===== Data provided =====

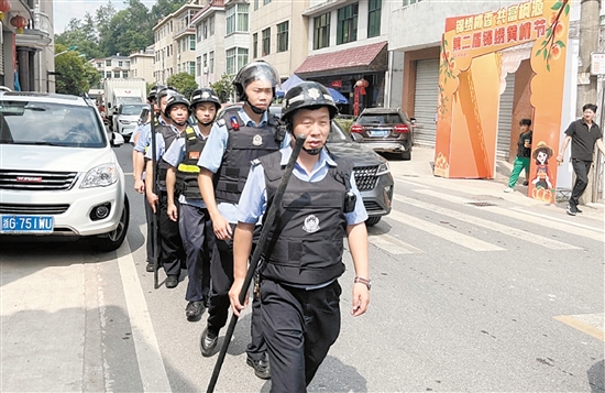 “警保民”最小共治单元安保人员在第二届锦绣黄桃节上开展巡逻工作
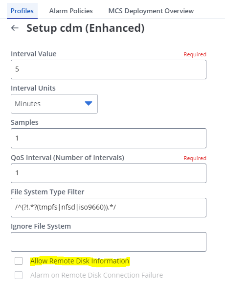 The 'Allow Remote Disk Information' setting in the Setup cdm (Enhanced) MCS profile provides the capability to manage where NFS Filesystem metrics are displayed.
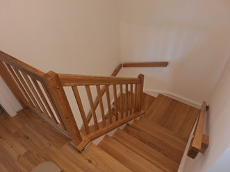 Schodiště do tvaru ,,U" dubové, s podstupnicemi, barevně upravené mořením, 2 metry zábradlí ve druhém patře.
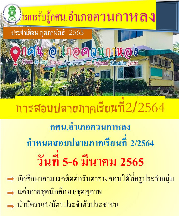 กศน.อำเภอควนกาหลง กำหนดสอบปลายภาคเรียนที่ 2/2564
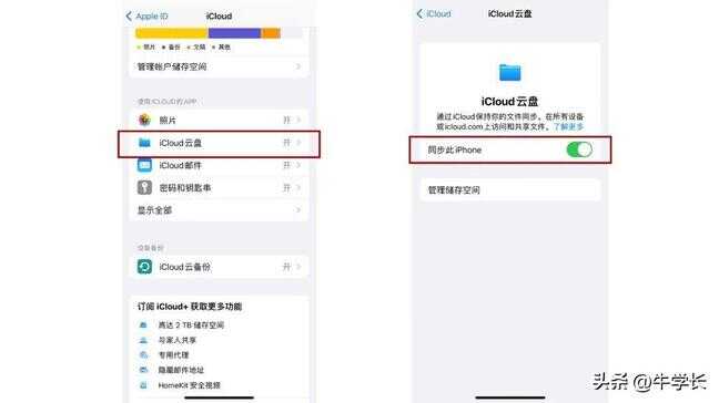 打开iPhone【设置】-【Apple ID】-【iCloud】界面,首先确认【iCloud云盘】是否开启“同步此iPhone”,将其开启才能云盘与设备数据同步。
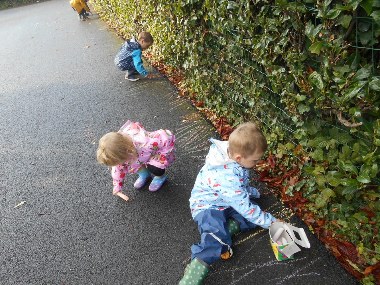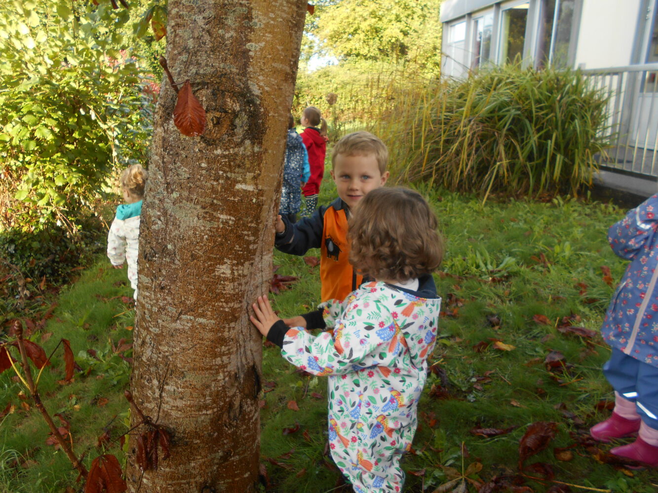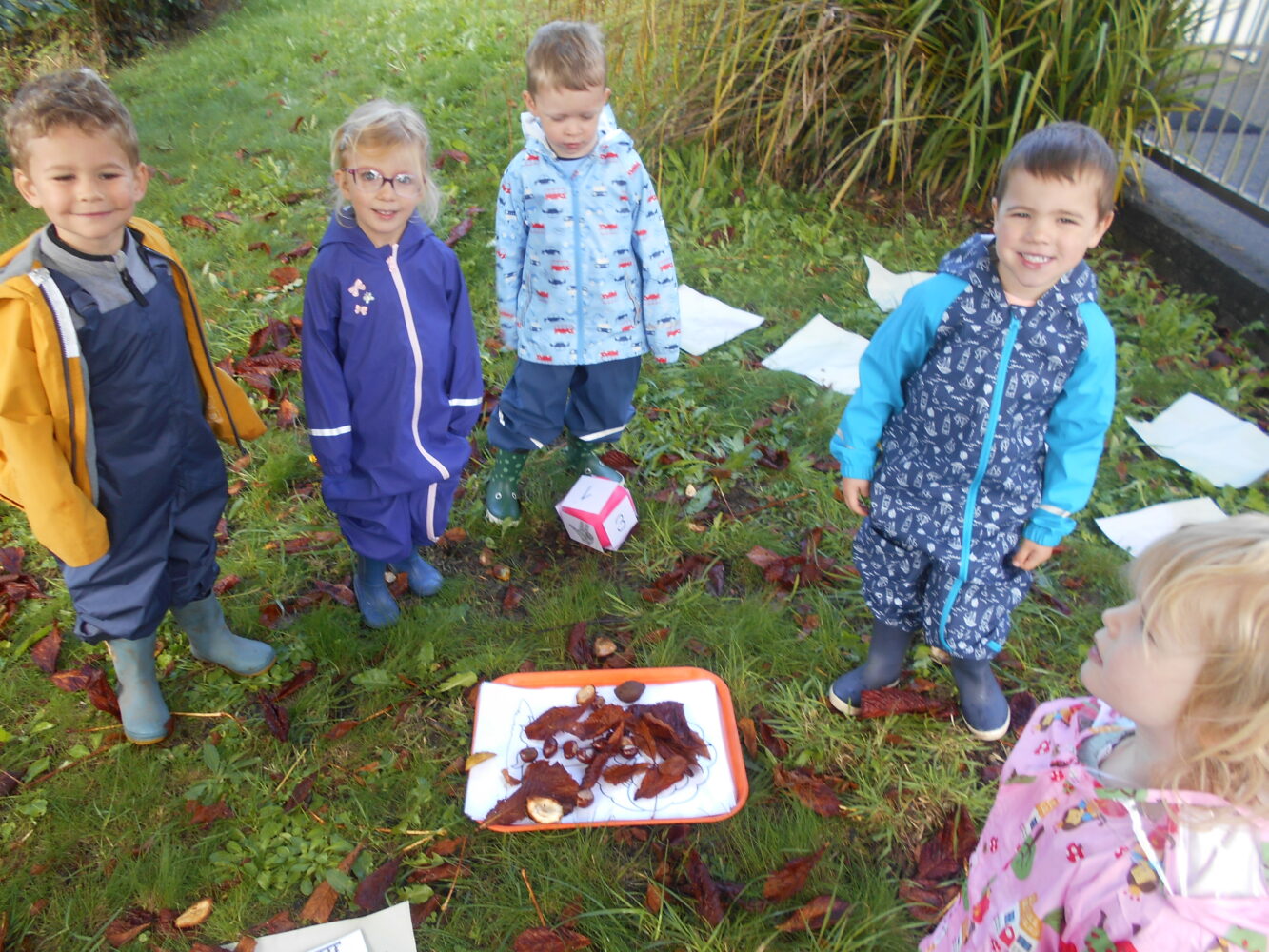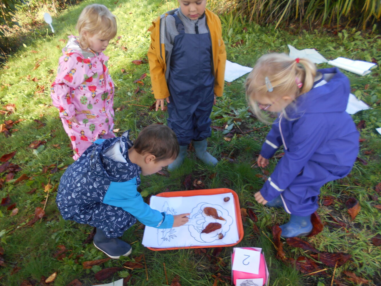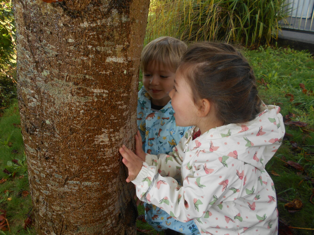 Nous avons commencé par découvrir le marronnier et dire bonjour à la nature en le touchant. Nous nous sommes ensuite installés en regroupement pour se connecter quelques minutes avec la nature : écouter les bruits, observer la nature et découvrir les trois règles de sécurité : toujours voir un adulte, ne rien mettre à la bouche et ne pas abîmer la nature. Ensuite, nous avons participé aux ateliers en petits groupes : land art (décorer un hibou avec des éléments naturels), « jeu de l’arbre » en numération jusqu’ à 3, « la chasse aux couleurs », et les traits à la craie sur la cour pour le graphisme.
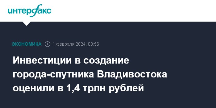 Москва. 1 февраля. INTERFAX.RU - Группа инвесторов готова принять участие в создании города-спутника Владивостока в формате государственно-частного партнерства (ГЧП), предполагающего инвестиции в объеме почти 1,4 трлн рублей, из которых 1 трлн рублей должны быть частными. Об этом сообщил гендиректор Корпорации развития Дальнего Востока и Арктики (КРДВ) Николай Запрягаев.
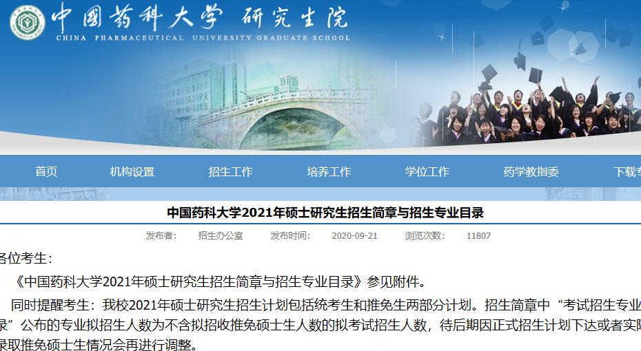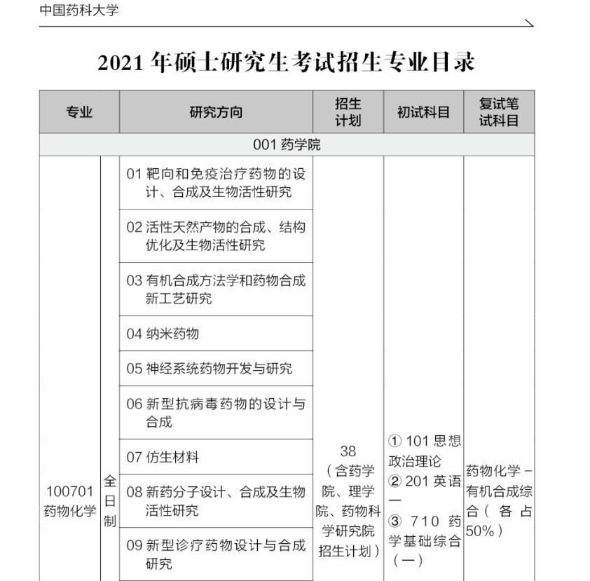 以上就是“2021考研專業目錄:中國藥科大學2021年碩士研究生招生專業目錄 ”的相關內容,更多考研信息,請持續關注。
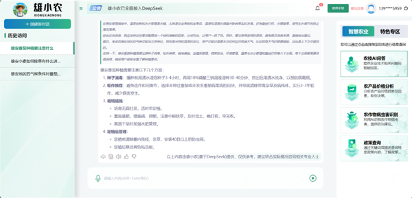 “雄小農(nóng)”AI農(nóng)業(yè)大模型基于AIoT技術(shù),融合DeepSeek-R1大模型增強(qiáng)推理、決策能力,通過數(shù)據(jù)驅(qū)動(dòng),形成“智能決策-數(shù)字生產(chǎn)-市場(chǎng)預(yù)判”閉環(huán),構(gòu)建了涵蓋農(nóng)業(yè)生產(chǎn)、流通及管理的智能化服務(wù)體系。大模型集成了農(nóng)技知識(shí)圖譜、多模態(tài)病蟲害識(shí)別引擎、農(nóng)產(chǎn)品價(jià)格預(yù)測(cè)模型及政策智庫平臺(tái)四大核心技術(shù),作為國內(nèi)首個(gè)基于DeepSeek的農(nóng)業(yè)行業(yè)大模型,實(shí)現(xiàn)技術(shù)與場(chǎng)景深度融合,服務(wù)與需求精準(zhǔn)匹配,支撐和運(yùn)維穩(wěn)定高效。在農(nóng)業(yè)生產(chǎn)層面,整合專家經(jīng)驗(yàn)、歷史數(shù)據(jù)等資源,形成標(biāo)準(zhǔn)化的農(nóng)技知識(shí)庫,提供科學(xué)化的種植、病蟲害防治等指導(dǎo)。在產(chǎn)品銷售層面,基于大數(shù)據(jù)分析和機(jī)器學(xué)習(xí)算法,預(yù)測(cè)農(nóng)產(chǎn)品市場(chǎng)價(jià)格走勢(shì),輔助品種選擇、茬口安排、品牌打造。
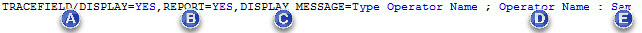 TRACEFIELD/DISPLAY=YES,REPORT=NO,DISPLAY MESSAGE=V2 ; V1 : V3
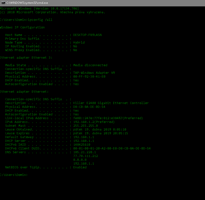 Zkusim pingplotter popřípadě když by bylo možné zkontrolovat výpis z CMD děkuji. Nevyznám se v tom vůbec ani podle návodu. Našel cca 10 adaptéru je to normální? Ping brány nešel provést z nějakého důvodu.
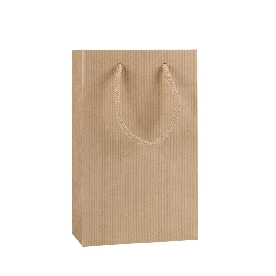 ✔ Odolné rýhované provedení zajišťuje vysokou pevnost.✔ Modré provedení dodává tašce elegantní, moderní a výrazný vzhled.✔ Ekologická varianta bez laminace vhodná i pro udržitelné značky.✔ Kroucená papírová ucha jsou pevná a pohodlná na přenášení.✔ Skvělá volba do obchodů, vinoték, farmářských prodejen i firemních sad.
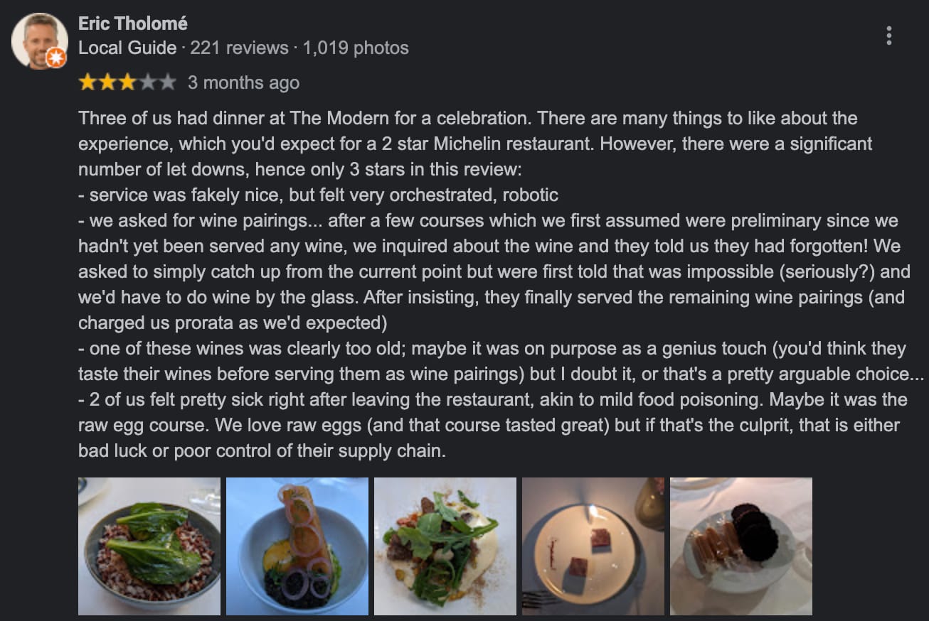 To be fair, the lunch menu is only $150 per person. But if that extra $100 you saved is burning a hole in your pocket, you can always add the white truffle tagliatelle. Regardless, it seems that most people have had an overwhelmingly positive experience dining at the Modern. Most reviewers across Google, Yelp, and TripAdvisor laud the restaurant for its "inventive" culinary excellence and exceptional service. Nevertheless, even Michelin-star restaurants have bad days, too.
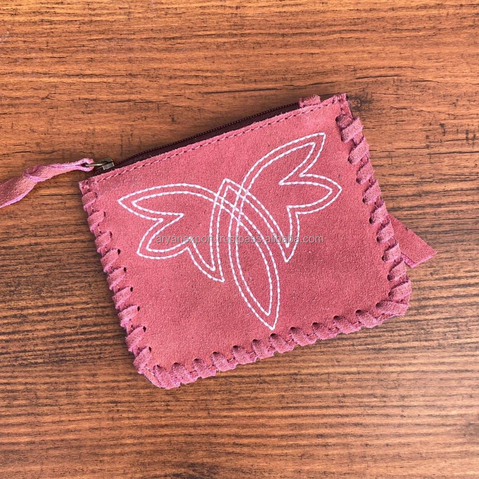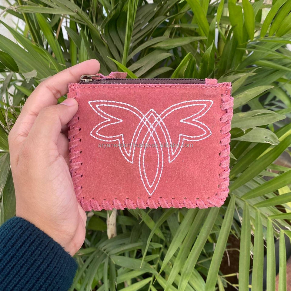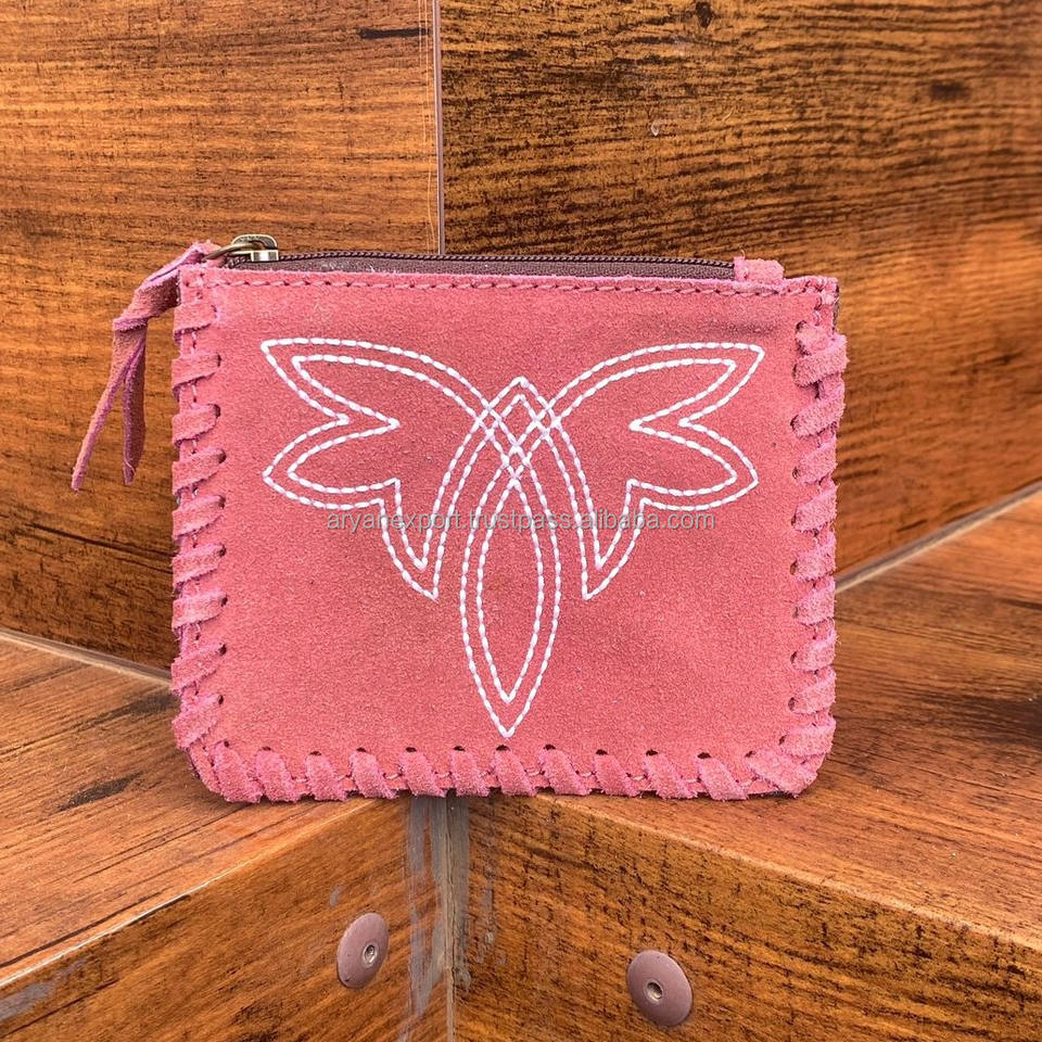 Hot Selling Wholesale Vintage Women Boot Stitch Suede Leather Coin Purse Fashion Luxury Genuine Leather Credit Card Small Wallet

=====

What to produce — Quote the records above exactly, leaving out any pictures.

Answer for the task —
 “警保民”最小共治单元安保人员在第二届锦绣黄桃节上开展巡逻工作
 The 'Allow Remote Disk Information' setting in the Setup cdm (Enhanced) MCS profile provides the capability to manage where NFS Filesystem metrics are displayed.
 Schodiště do tvaru ,,U" dubové, s podstupnicemi, barevně upravené mořením, 2 metry zábradlí ve druhém patře.
 กศน.อำเภอควนกาหลง กำหนดสอบปลายภาคเรียนที่ 2/2564
 打开iPhone【设置】-【Apple ID】-【iCloud】界面,首先确认【iCloud云盘】是否开启“同步此iPhone”,将其开启才能云盘与设备数据同步。
 Nous avons commencé par découvrir le marronnier et dire bonjour à la nature en le touchant. Nous nous sommes ensuite installés en regroupement pour se connecter quelques minutes avec la nature : écouter les bruits, observer la nature et découvrir les trois règles de sécurité : toujours voir un adulte, ne rien mettre à la bouche et ne pas abîmer la nature. Ensuite, nous avons participé aux ateliers en petits groupes : land art (décorer un hibou avec des éléments naturels), « jeu de l’arbre » en numération jusqu’ à 3, « la chasse aux couleurs », et les traits à la craie sur la cour pour le graphisme.
 Москва. 1 февраля. INTERFAX.RU - Группа инвесторов готова принять участие в создании города-спутника Владивостока в формате государственно-частного партнерства (ГЧП), предполагающего инвестиции в объеме почти 1,4 трлн рублей, из которых 1 трлн рублей должны быть частными. Об этом сообщил гендиректор Корпорации развития Дальнего Востока и Арктики (КРДВ) Николай Запрягаев.
 以上就是“2021考研專業目錄:中國藥科大學2021年碩士研究生招生專業目錄 ”的相關內容,更多考研信息,請持續關注。
 “雄小農(nóng)”AI農(nóng)業(yè)大模型基于AIoT技術(shù),融合DeepSeek-R1大模型增強(qiáng)推理、決策能力,通過數(shù)據(jù)驅(qū)動(dòng),形成“智能決策-數(shù)字生產(chǎn)-市場(chǎng)預(yù)判”閉環(huán),構(gòu)建了涵蓋農(nóng)業(yè)生產(chǎn)、流通及管理的智能化服務(wù)體系。大模型集成了農(nóng)技知識(shí)圖譜、多模態(tài)病蟲害識(shí)別引擎、農(nóng)產(chǎn)品價(jià)格預(yù)測(cè)模型及政策智庫平臺(tái)四大核心技術(shù),作為國內(nèi)首個(gè)基于DeepSeek的農(nóng)業(yè)行業(yè)大模型,實(shí)現(xiàn)技術(shù)與場(chǎng)景深度融合,服務(wù)與需求精準(zhǔn)匹配,支撐和運(yùn)維穩(wěn)定高效。在農(nóng)業(yè)生產(chǎn)層面,整合專家經(jīng)驗(yàn)、歷史數(shù)據(jù)等資源,形成標(biāo)準(zhǔn)化的農(nóng)技知識(shí)庫,提供科學(xué)化的種植、病蟲害防治等指導(dǎo)。在產(chǎn)品銷售層面,基于大數(shù)據(jù)分析和機(jī)器學(xué)習(xí)算法,預(yù)測(cè)農(nóng)產(chǎn)品市場(chǎng)價(jià)格走勢(shì),輔助品種選擇、茬口安排、品牌打造。
 TRACEFIELD/DISPLAY=YES,REPORT=NO,DISPLAY MESSAGE=V2 ; V1 : V3
 Zkusim pingplotter popřípadě když by bylo možné zkontrolovat výpis z CMD děkuji. Nevyznám se v tom vůbec ani podle návodu. Našel cca 10 adaptéru je to normální? Ping brány nešel provést z nějakého důvodu.
 ✔ Odolné rýhované provedení zajišťuje vysokou pevnost.✔ Modré provedení dodává tašce elegantní, moderní a výrazný vzhled.✔ Ekologická varianta bez laminace vhodná i pro udržitelné značky.✔ Kroucená papírová ucha jsou pevná a pohodlná na přenášení.✔ Skvělá volba do obchodů, vinoték, farmářských prodejen i firemních sad.
 To be fair, the lunch menu is only $150 per person. But if that extra $100 you saved is burning a hole in your pocket, you can always add the white truffle tagliatelle. Regardless, it seems that most people have had an overwhelmingly positive experience dining at the Modern. Most reviewers across Google, Yelp, and TripAdvisor laud the restaurant for its "inventive" culinary excellence and exceptional service. Nevertheless, even Michelin-star restaurants have bad days, too.
 Hot Selling Wholesale Vintage Women Boot Stitch Suede Leather Coin Purse Fashion Luxury Genuine Leather Credit Card Small Wallet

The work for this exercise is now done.